Здесь не тепло; но мысль о друге,
О страстном, пламенном певце,
Меня ужели не согреет?
Ужели жар не поалеет
На голубом моём лице?
Нет! над бумагой костенеет
Стихотворящая рука…
Итак, прощайте вы, пенаты
Сей братской, но не тёплой хаты,
Сего святого уголка,
Где сыну огненного Феба,
Любимцу, избраннику неба,
Не нужно дров, ни камелька,
Но где поэт обыкновенный,
Своим плащом не покровенный,
И с бедной музой бы замёрз…
Ну разве мог он приглашать к себе малознакомых людей? Его неуютная комната, их неустроенная квартира, вечные стычки с отцом… Он стыдился всего этого.
С детских лет его больно ранило равнодушие родителей. И, видно, годы разлуки — те, что провёл он в Лицее, — не пробудили в них нежности.

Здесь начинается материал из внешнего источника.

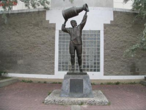 • after the 1988-89 season, a lifesized bronze statue of him outside the Northlands Coliseum, holding the Stanley cup over his head.

А ему так хотелось душевного тепла. «Свободная, беспечная жизнь в кругу милого семейства; жизнь, которую я так люблю и которой никогда не наслаждался…»
Ольга восхищалась Петербургом.
Город необычайно красив. Поистине — Северная Пальмира.
— Ты пойди на Невский, — советовала она брату.— Нет, поезжай на набережную, на Адмиралтейский променад… Разве это Петербург? — она презрительно указывала в сторону окна, из которого виднелась их убогая Коломна. — Петербург там…
Восторги сестры были так красноречивы и заразительны, что Пушкин, смеясь, называл её Иоанном Златоустом и обещал незамедлительно обегать весь город. Ему и самому не терпелось поскорей увидеть всё. Его тянуло на улицы, к людям. Каждый день поутру он убегал из дому.
С Петербургом знакомился заново. Те детские впечатления, которые сохранились в его памяти, были не в счёт. Теперь он новыми глазами смотрел вокруг. За несколько лет, что провёл он в Лицее, Петербург вырос и ввысь и вширь, похорошел. То там, то здесь, вытесняя старые деревянные домишки, поднимались новые каменные дома. В два, три, а то и в четыре этажа. Бородатые мужики, пропитанные запахами деревни, заполонили город. Они рыли землю, тесали камень, укладывали кирпичи. Каменщики пришли из Вологодской и Ярославской губерний, плотники — из Костромской, землекопы — из Олонецкой.
После победного завершения войны с Наполеоном столица самой могущественной в Европе страны бурно строилась. Во вновь образованный Комитет строения и гидравлических работ вошли выдающиеся зодчие: Карл Иванович Росси, Василий Петрович Стасов. Тот самый Стасов, который так искусно приспособил под Лицей один из флигелей Царскосельского дворца.
Комитет строения рассматривал проекты всех построек, возводимых в Петербурге — от частных «обывательских» домов до общественных зданий. Всё должно было быть на самом высоком уровне. Равняться было по чему — Зимний дворец, Биржа, Казанский собор, Адмиралтейство…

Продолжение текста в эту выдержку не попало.